(PROVIDED DATA)

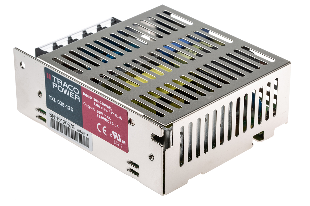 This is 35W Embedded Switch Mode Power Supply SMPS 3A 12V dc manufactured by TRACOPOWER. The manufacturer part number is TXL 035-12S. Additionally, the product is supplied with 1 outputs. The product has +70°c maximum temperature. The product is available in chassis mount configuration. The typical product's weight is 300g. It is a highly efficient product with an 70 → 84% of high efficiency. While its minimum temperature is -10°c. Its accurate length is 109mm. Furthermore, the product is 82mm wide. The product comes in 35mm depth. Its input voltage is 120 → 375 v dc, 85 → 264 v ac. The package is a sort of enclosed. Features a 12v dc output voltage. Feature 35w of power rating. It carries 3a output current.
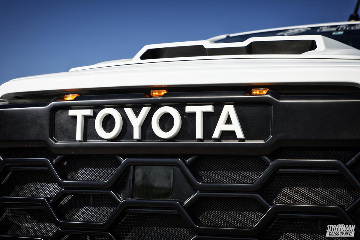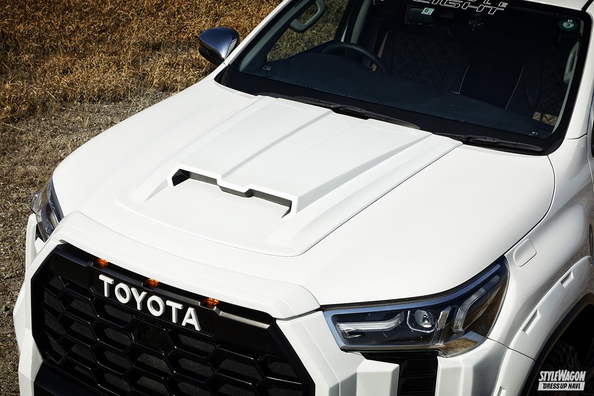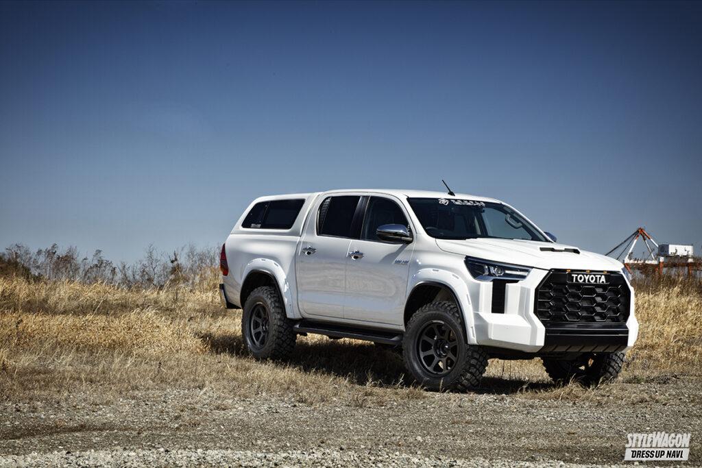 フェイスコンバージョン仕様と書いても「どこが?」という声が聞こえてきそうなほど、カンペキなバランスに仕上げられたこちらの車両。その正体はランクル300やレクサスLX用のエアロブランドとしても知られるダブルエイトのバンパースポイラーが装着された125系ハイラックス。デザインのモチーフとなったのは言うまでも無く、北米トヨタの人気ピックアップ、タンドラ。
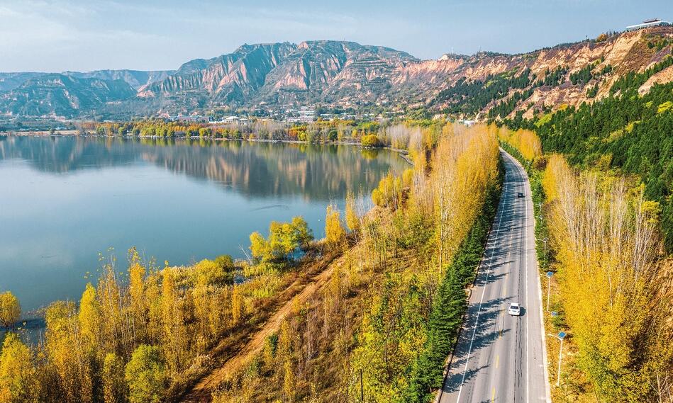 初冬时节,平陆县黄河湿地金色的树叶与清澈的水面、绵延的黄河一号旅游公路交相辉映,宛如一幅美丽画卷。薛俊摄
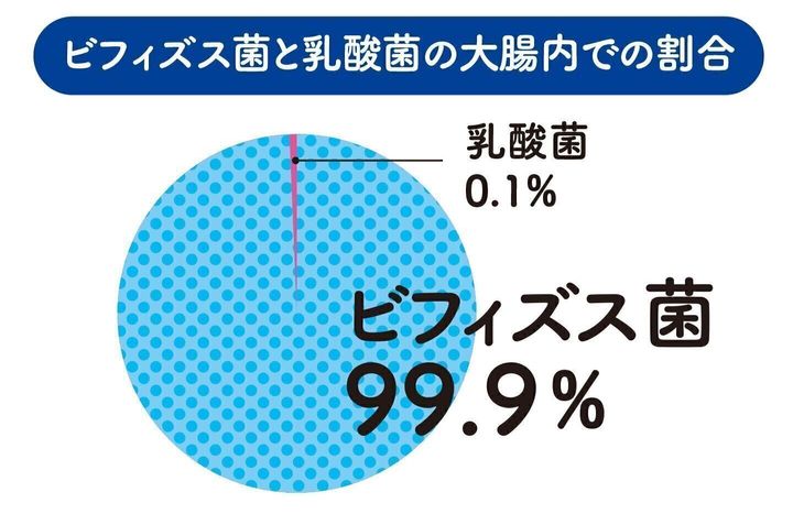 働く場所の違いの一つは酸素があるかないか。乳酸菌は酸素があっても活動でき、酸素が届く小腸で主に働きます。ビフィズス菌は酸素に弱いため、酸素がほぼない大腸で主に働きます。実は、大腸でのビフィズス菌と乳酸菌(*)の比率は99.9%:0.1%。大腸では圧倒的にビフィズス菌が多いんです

(End PROVIDED DATA)
(PROVIDED DATA)

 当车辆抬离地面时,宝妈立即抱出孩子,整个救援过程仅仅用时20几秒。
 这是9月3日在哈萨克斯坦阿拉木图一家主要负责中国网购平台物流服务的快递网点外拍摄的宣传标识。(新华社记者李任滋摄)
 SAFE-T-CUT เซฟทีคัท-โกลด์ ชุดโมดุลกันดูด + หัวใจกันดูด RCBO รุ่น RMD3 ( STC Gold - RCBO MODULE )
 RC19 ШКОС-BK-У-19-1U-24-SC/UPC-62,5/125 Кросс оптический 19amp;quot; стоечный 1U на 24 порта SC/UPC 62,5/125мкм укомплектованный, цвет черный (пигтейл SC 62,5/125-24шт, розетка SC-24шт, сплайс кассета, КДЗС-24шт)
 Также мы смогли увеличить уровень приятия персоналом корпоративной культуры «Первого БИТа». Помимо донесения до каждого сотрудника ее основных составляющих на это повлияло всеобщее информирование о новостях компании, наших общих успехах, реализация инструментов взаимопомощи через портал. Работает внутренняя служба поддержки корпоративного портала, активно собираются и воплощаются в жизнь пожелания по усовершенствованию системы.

(End PROVIDED DATA)

PROBLEM TO WORK ON. Using the records above, restate word for word the lines from the one with "SAFE-T-CUT เซฟทีคัท-โกลด์ ชุดโมดุลกันดูด" through the one with "Также мы смогли", both included.

REPLY.
 SAFE-T-CUT เซฟทีคัท-โกลด์ ชุดโมดุลกันดูด + หัวใจกันดูด RCBO รุ่น RMD3 ( STC Gold - RCBO MODULE )
 RC19 ШКОС-BK-У-19-1U-24-SC/UPC-62,5/125 Кросс оптический 19amp;quot; стоечный 1U на 24 порта SC/UPC 62,5/125мкм укомплектованный, цвет черный (пигтейл SC 62,5/125-24шт, розетка SC-24шт, сплайс кассета, КДЗС-24шт)
 Также мы смогли увеличить уровень приятия персоналом корпоративной культуры «Первого БИТа». Помимо донесения до каждого сотрудника ее основных составляющих на это повлияло всеобщее информирование о новостях компании, наших общих успехах, реализация инструментов взаимопомощи через портал. Работает внутренняя служба поддержки корпоративного портала, активно собираются и воплощаются в жизнь пожелания по усовершенствованию системы.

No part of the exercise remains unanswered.